Department of Anesthesiology and Pain Medicine, Ewha Womans University College of Medicine, Seoul, Korea.
J Korean Med Sci. 2020 Apr 27;35(16):e113. doi: 10.3346/jkms.2020.35.e113.
Anesthesia during pregnancy for non-obstetric surgery is generally known to have a negative impact on maternal and fetal outcomes. We assessed the risk of adverse outcomes in fetuses and mothers associated with non-obstetric surgery.
This retrospective study analyzed clinical data on pregnant women who received non-obstetric surgeries at a tertiary university hospital. We reviewed maternity admissions using hospital administrative data during the last 16 years. The outcome assessment included the presence of preterm labor, premature birth, abortion, or stillbirth and the data of newborns. Statistical analyses were performed using the t-test, χ² test, and multiple logistic regression was used for risk analysis.
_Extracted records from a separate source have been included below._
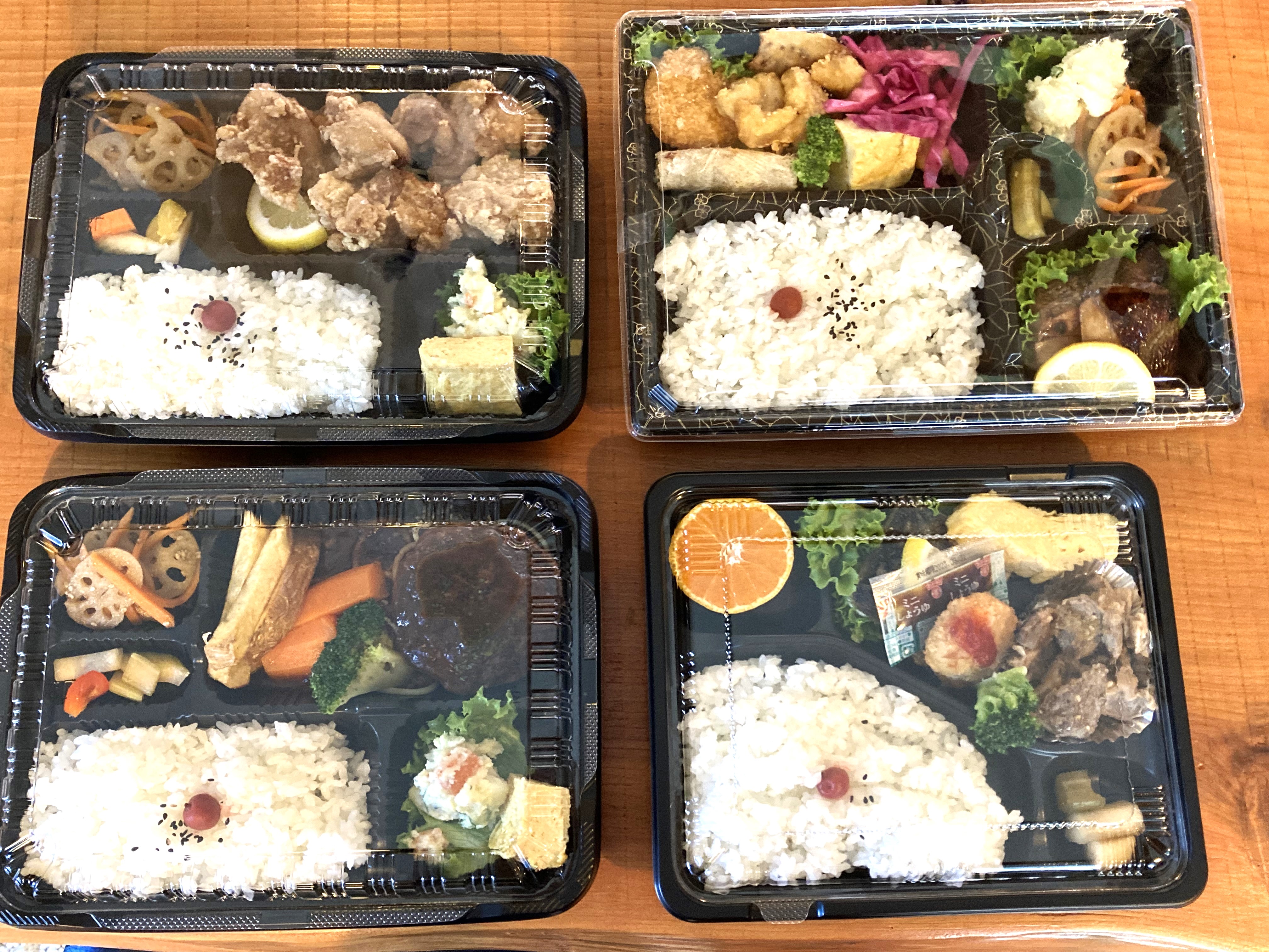 今回買ったのは、唐揚げ弁当700円・煮込みハンバーグ弁当700円・海弁当1000円・おまかせ弁当500円。
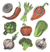 Zdjęcie "Zestaw warzyw wyciągnąć rękę. Ikony żywności. Ilustracja wektorowa edycji." może być wykorzystywane do celów osobistych i komercyjnych zgodnie z warunkami zakupionej licencji Royalty-free. Obraz jest dostępny do pobrania w jakości wysokiej rozdzielczości do 5760x3840.
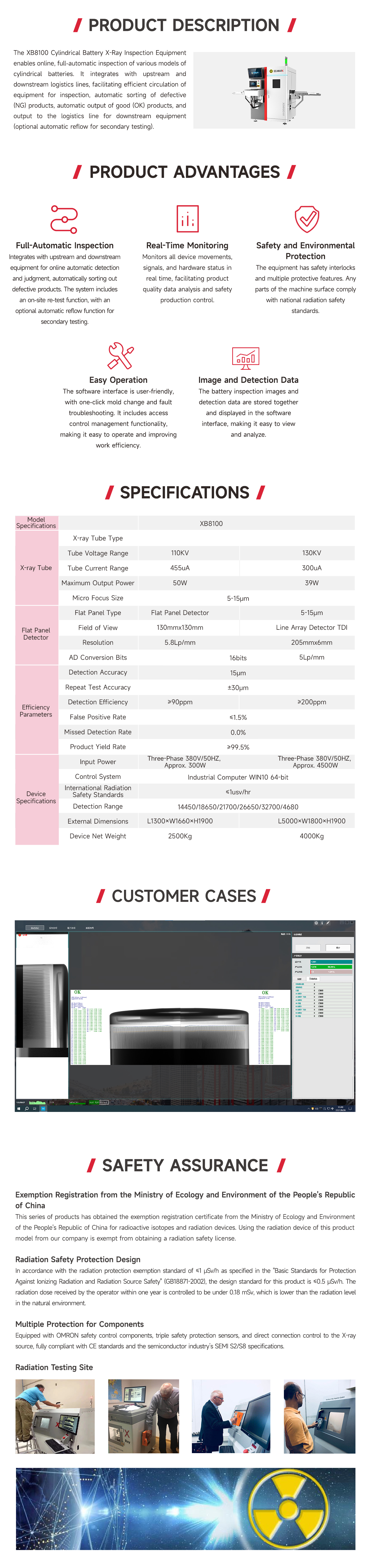XB8100 enables fully automatic inline inspection of various models of cylindrical batteries. It integrates with upstream and downstream logistics lines, allowing for efficient transfer of items for inspection. lt automatically sorts out defective(NG) products and outputs acceptable (OK) products to the output logistics line, which then enters downstream equipment (optional automatic reflow for secondary retesting).

The incidence of non-obstetric surgery during pregnancy was 0.96%. Gestational age at or above 20 weeks increased the risk of all adverse events 4.5 fold when it was compared to gestational age less than 20 weeks, although the events were only preterm labor or premature birth and no fetal loss. All fetal loss cases occurred in patients at less than 20 weeks of pregnancy. The risk of adverse outcome increased by 2% for every 1 minute increase in anesthesia time. Babies of the mothers who had the adverse outcome event showed lower birth weight and higher neonatal intensive care unit admission rate than those of babies of the mothers without any adverse event after the surgery.
Physicians should acknowledge and prepare for common possible adverse events at the stage of pregnancy after non-obstetric surgery, and effort to shorten the duration of surgery and anesthesia is needed.
人们普遍认为,孕妇行非产科手术的麻醉会对母婴结局产生负面影响。我们评估了非产科手术与胎儿和母亲不良结局相关的风险。
本回顾性研究分析了一家三级大学医院接受非产科手术的孕妇的临床数据。我们使用医院管理数据回顾了过去 16 年的孕产妇住院情况。结局评估包括早产、流产、死产和新生儿数据。使用 t 检验、卡方检验进行统计学分析,使用多因素逻辑回归进行风险分析。
孕妇行非产科手术的发生率为 0.96%。与妊娠 20 周及以上相比,妊娠 20 周以下时所有不良事件的风险增加 4.5 倍,但不良事件仅为早产或流产,无胎儿丢失。所有胎儿丢失病例均发生在妊娠 20 周以下的患者中。麻醉时间每增加 1 分钟,不良结局的风险增加 2%。与手术后母婴无不良结局的婴儿相比,发生不良结局事件的母亲的婴儿出生体重较低,新生儿重症监护病房(NICU)入住率较高。
非产科手术后,医生应在妊娠阶段认识到并准备应对常见的可能不良事件,并努力缩短手术和麻醉时间。